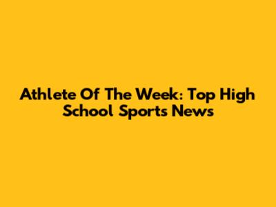 Athlete Of The Week: Top High School Sports News
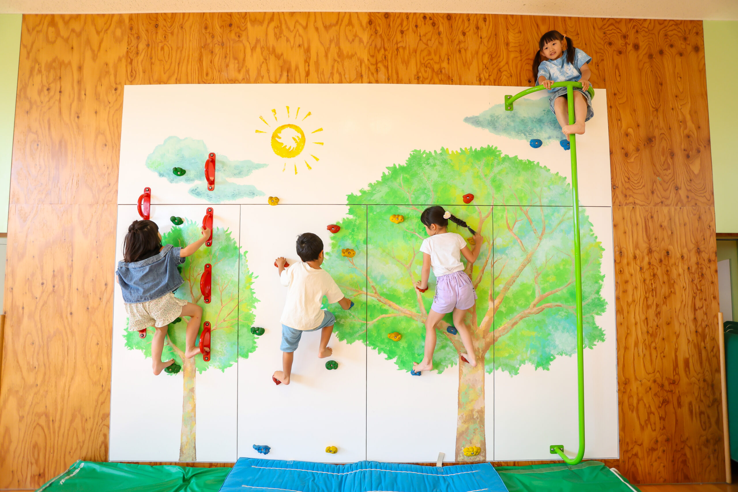 大型ブロックやトランポリン、ボルダリングなど保育室ではできないあそびができます。なかでもボルダリングは子どもたちに大人気の遊具です。外部講師による体育あそびやダンスあそび、行事の練習として発表会やドッヂボールなど一年中活用しています。
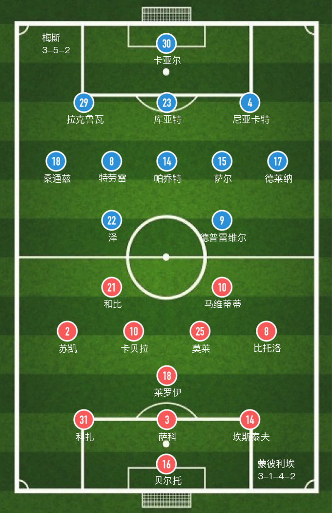 第86分钟,蒙彼利埃的莫莱被德莱换下。
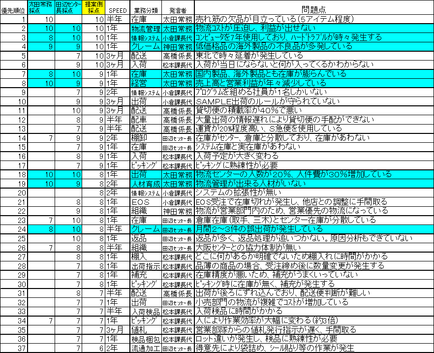 物流の問題点をリストアップした後に、経営者、主要物流メンバー、全部門の代表者に参加してもらい、すぐに改善に取り組まないといけない問題点を10点、半年先に取り組むべき問題点は8点、という様にルールを事前に決めておいて配点をしてもらう。点数付けで注意して頂きたいことは、他のメンバーに自分の配点を知られない様にして点数付けをして、後でまとめて入力することである。社長の配点を知った後で自分の配点を考えると、「自分は3点と思っていたが、社長が10点だと点数を変えないと何を言われるかわからない」と、余計な判断が入り本来の点数が変わってしまうからである。重要なのはそれぞれの考え方(何故重要と感じたのか、何故重要と感じなかったのか)を知り、「同じ情報を共有化した上で、全社で物流の問題に対してどう取り組むか」を考えていくことである。また、各部門の優先順位と全社の優先順位は当然変わる。全社での優先順位の中では、難易度が高いが各部門が協力すれば大きな効果が出る可能性が高い改善も出てくる。「物流の問題は物流で考えてよ」という当初の状況から、「物流の問題は全社で考える」という状況になれば、改善できる項目も増加するし、部門改善に比べて全社改善の方が効果は著しく大きい。
========
• _WHAT IS REQUIRED_:
Set out the material once more, exact in every line, with no images.

• _RESPONSE_:
 Athlete Of The Week: Top High School Sports News
 大型ブロックやトランポリン、ボルダリングなど保育室ではできないあそびができます。なかでもボルダリングは子どもたちに大人気の遊具です。外部講師による体育あそびやダンスあそび、行事の練習として発表会やドッヂボールなど一年中活用しています。
 第86分钟,蒙彼利埃的莫莱被德莱换下。
 物流の問題点をリストアップした後に、経営者、主要物流メンバー、全部門の代表者に参加してもらい、すぐに改善に取り組まないといけない問題点を10点、半年先に取り組むべき問題点は8点、という様にルールを事前に決めておいて配点をしてもらう。点数付けで注意して頂きたいことは、他のメンバーに自分の配点を知られない様にして点数付けをして、後でまとめて入力することである。社長の配点を知った後で自分の配点を考えると、「自分は3点と思っていたが、社長が10点だと点数を変えないと何を言われるかわからない」と、余計な判断が入り本来の点数が変わってしまうからである。重要なのはそれぞれの考え方(何故重要と感じたのか、何故重要と感じなかったのか)を知り、「同じ情報を共有化した上で、全社で物流の問題に対してどう取り組むか」を考えていくことである。また、各部門の優先順位と全社の優先順位は当然変わる。全社での優先順位の中では、難易度が高いが各部門が協力すれば大きな効果が出る可能性が高い改善も出てくる。「物流の問題は物流で考えてよ」という当初の状況から、「物流の問題は全社で考える」という状況になれば、改善できる項目も増加するし、部門改善に比べて全社改善の方が効果は著しく大きい。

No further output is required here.